The answer should match the entries that follow exactly, except that no image appears in it.

[Stored records]

--- --- ---

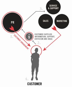 社會(huì)化CRM賦予了企業(yè)公關(guān)部門更重要的角色,通過(guò)公關(guān)部分與消費(fèi)者更多的互動(dòng),從中獲取消費(fèi)者的反饋信息、褒貶意見(jiàn)、新想法新創(chuàng)意。之后再通過(guò)銷售、市場(chǎng)推廣以及產(chǎn)品服務(wù)等措施來(lái)吸引更多目標(biāo)消費(fèi)群,并用公關(guān)活動(dòng)來(lái)進(jìn)一步推廣。
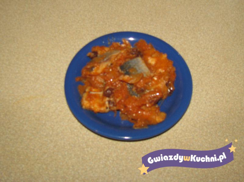 Marynatą zalać śledzie i cebulę.
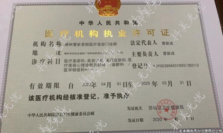 機(jī)構(gòu)名稱(chēng):郴州曹家易麗醫(yī)療美容門(mén)診部
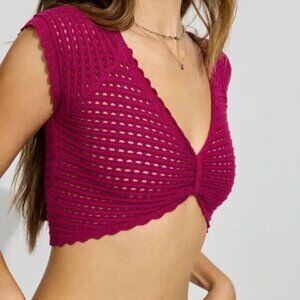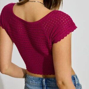 NWT Sheer V-Neck Knit Crop Tee Red Plum Burgundy
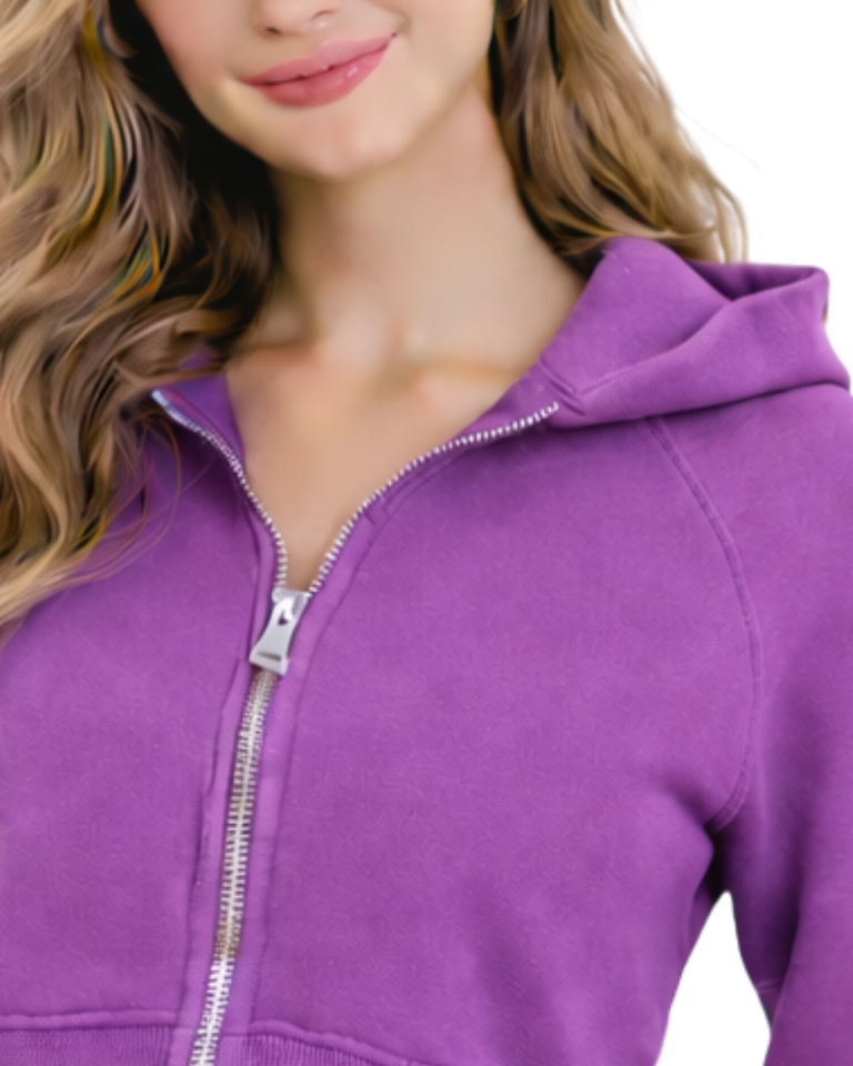 เสื้อฮู้ดครอปซิปหน้า แขนยาว สไตล์ลำลอง ผ้าฟลีซนุ่ม สีม่วงลาเวนเดอร์ แฟชั่นฤดูใบไม้ร่วงและฤดูหนาวสำหรับผู้หญิง

--- --- ---

▶ [Result]:
 社會(huì)化CRM賦予了企業(yè)公關(guān)部門更重要的角色,通過(guò)公關(guān)部分與消費(fèi)者更多的互動(dòng),從中獲取消費(fèi)者的反饋信息、褒貶意見(jiàn)、新想法新創(chuàng)意。之后再通過(guò)銷售、市場(chǎng)推廣以及產(chǎn)品服務(wù)等措施來(lái)吸引更多目標(biāo)消費(fèi)群,并用公關(guān)活動(dòng)來(lái)進(jìn)一步推廣。
 Marynatą zalać śledzie i cebulę.
 機(jī)構(gòu)名稱(chēng):郴州曹家易麗醫(yī)療美容門(mén)診部
 NWT Sheer V-Neck Knit Crop Tee Red Plum Burgundy
 เสื้อฮู้ดครอปซิปหน้า แขนยาว สไตล์ลำลอง ผ้าฟลีซนุ่ม สีม่วงลาเวนเดอร์ แฟชั่นฤดูใบไม้ร่วงและฤดูหนาวสำหรับผู้หญิง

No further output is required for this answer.